We updated the statistical analysis of all data using one-way ANOVA and t-test with BonferroniHolm method of p level correction and rectified one analysis in Fig 1 and 3, all major conclusions are unchanged.
Finally, the terminology of contrasting "fast-signaling" (calyx synapses) and "slow-plastic" (SC synapses) synapses seems to imply that calyx synapses lack plasticity, as does the wording "conventional bouton-type synapses involved in synaptic plasticity" (page 11, line 251). I assume, the authors primarily refer to the maximum frequencies these two synapse types typically transmit (fast-signaling vs slow-signaling)?
Properties of these two synapses described explicitly in updated text and they are renamed as fast and slow synapes.
Recommendations for the authors:
Reviewer #3 (Recommendations For The Authors):
'SV replenishment' and 'site clearance' should not be used synonymously as it seems to be done sometimes here.
In this revision, we described them more explicitly.
The data presented in Fig.
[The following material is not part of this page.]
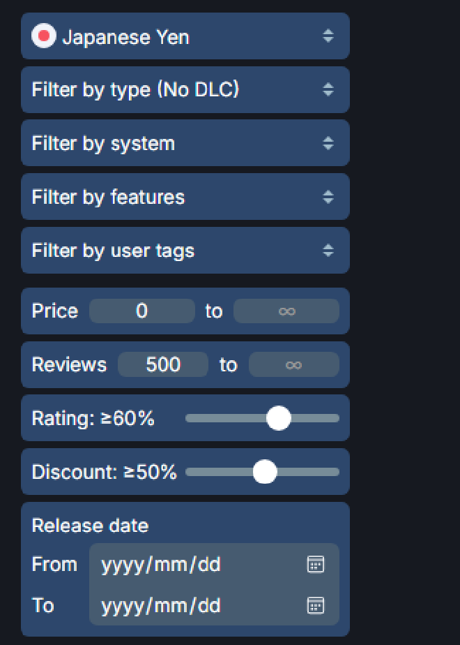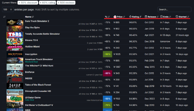 実はデフォルトの表では 「割引 50%以上」、「高評価 60%以上」、「レビュー件数 500 件以上」というフィルターがかかっており、この条件に該当するゲームのみが表示されています。 これでもいいのですが、いざ使い始めると条件を変更したくなることがあります。

S6 are detached from the rest of the manuscript, not relevant and should be removed. page 4 line 95 "... to ensure sufficient Ca2+ currents to induce exo-endocytosis." ICa is large enough to induce exocytosis also at 1.3 mM Ca2+. Please clarify.
We updated the relevant section.
page 5, line 108 "... this slow endocytosis showed a strongly prolonged time course without accompanied by the change of Cm or presynaptic Ca2+ currents" Please fix.
Fixed.
page 5, line 121 "Thus, at calyces of Held, bath-application of Dynasore or Pitstop-2 can block both fast and slow endocytosis without perturbing presynaptic intracellular milieu." Bath-application never perturbs the intracellular milieu. Please clarify.
Rephrased.
page 6 line 128 "... physiological aCSF" is a misnomer (= physiological artificial CSF). Please fix.
In the introduction section, it is clearly described.
page 11, line 252 "... from hippocampal SC-CA1 pyramidal neurons" There are no "SC-CA1 pyramidal neurons". Please fix.
Fixed.
page 12, line 285 "In acute slices optimized to physiological conditions" The conditions are optimized, not the slices. Please fix.
Fixed.
page 14, line 323 same as above
Fixed.
page 14, line 330 LTP at SC-CA1 synapses is postsynaptic. Please clarify.
Rephrased
page 16, line 381 "had a series resistance of 3-4 MOhm" versus
page 17, line 408 "The patch pipettes had a series resistance of 5-15 MOhm (less than 10 MOhm in most cells)" 3-4 is perhaps pipette resistance while 5-15 is perhaps series resistance? Please clarify.
Fixed.
page 17, line 398 "Cm traces were averaged at every 10 ms (for 10 Hz train stimulation) or 20 ms (for 5 ms single or 1 Hz train stimulation)." Do you mean to say that Cm traces were smoothed with a moving average using a window size of 10 or 20 ms duration? Please clarify.
Rephrased to clarify better.
page 18, "All values are given as mean {plus minus} SEM and significance of difference was evaluated by Student's unpaired t-test, unless otherwise noted." Please check. You cannot simply use repeated t-tests for multiple comparisons. Either a proper multiple comparison test should be used or a Bonferroni correction or similar multiple-comparison correction needs to be applied.
All statistical analysis are updated using one-way ANOVA and t-test, with Bonferroni-Holm method of p level correction and one analysis is rectified in Fig 1 and 3, with no change in major conclusions.